1. What are positive and negative numbers?

Positive and negative numbers are values used to represent quantities that are greater than or less than zero, respectively. They are essential in mathematics and science for measuring and comparing values.

2. How do you identify a positive or negative number?

Positive numbers are always greater than zero and are often written with a plus sign (+) in front. Negative numbers are always less than zero and are often written with a minus sign (-) in front. Examples of positive numbers include 5, 10, and 3.5, while examples of negative numbers include -2, -15, and -0.5.

3. What is the relationship between positive and negative numbers?

Positive and negative numbers are opposite values on a number line. Positive numbers appear to the right of zero, while negative numbers appear to the left. The distance from zero to a positive number is the same as the distance from zero to its negative equivalent. For example, the distance from zero to 5 is the same as the distance from zero to -5.

4. How do you perform operations with positive and negative numbers?

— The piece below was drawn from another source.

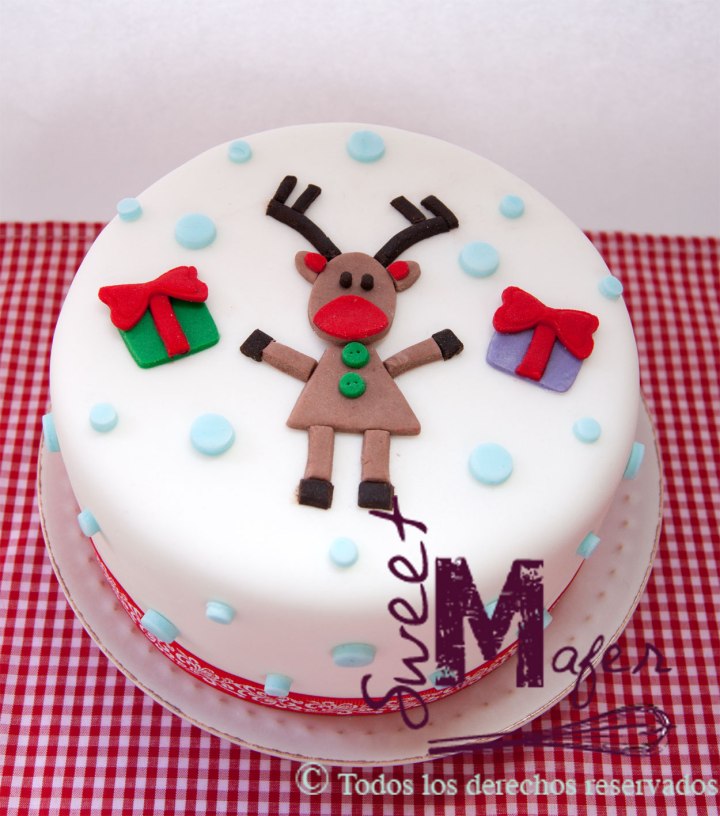 Torta con renito y regalos, disponible en cake negro de navidad, vainilla, chocolate o marmolada.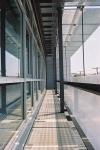 The materials used, determined the total image of the building. Concrete, glass and steel are principal. The solid vertical surfaces are made of exposed concrete or are cladded with corrugated metal sheets or steel sheets.

Adding a positive number to another positive number results in a larger positive number. Subtracting a positive number from a positive number results in a smaller positive number. Adding a negative number to a positive number results in a smaller number (or subtracting a positive number from a negative number results in a larger negative number). Subtracting a negative number from a positive number results in a larger number (or adding a positive number to a negative number results in a smaller negative number).

5. Why are positive and negative numbers important?

Positive and negative numbers are important because they allow us to represent and manipulate values that are greater than or less than zero. This is crucial in fields such as science, economics, and engineering, where measurements and calculations often involve values that can be either positive or negative.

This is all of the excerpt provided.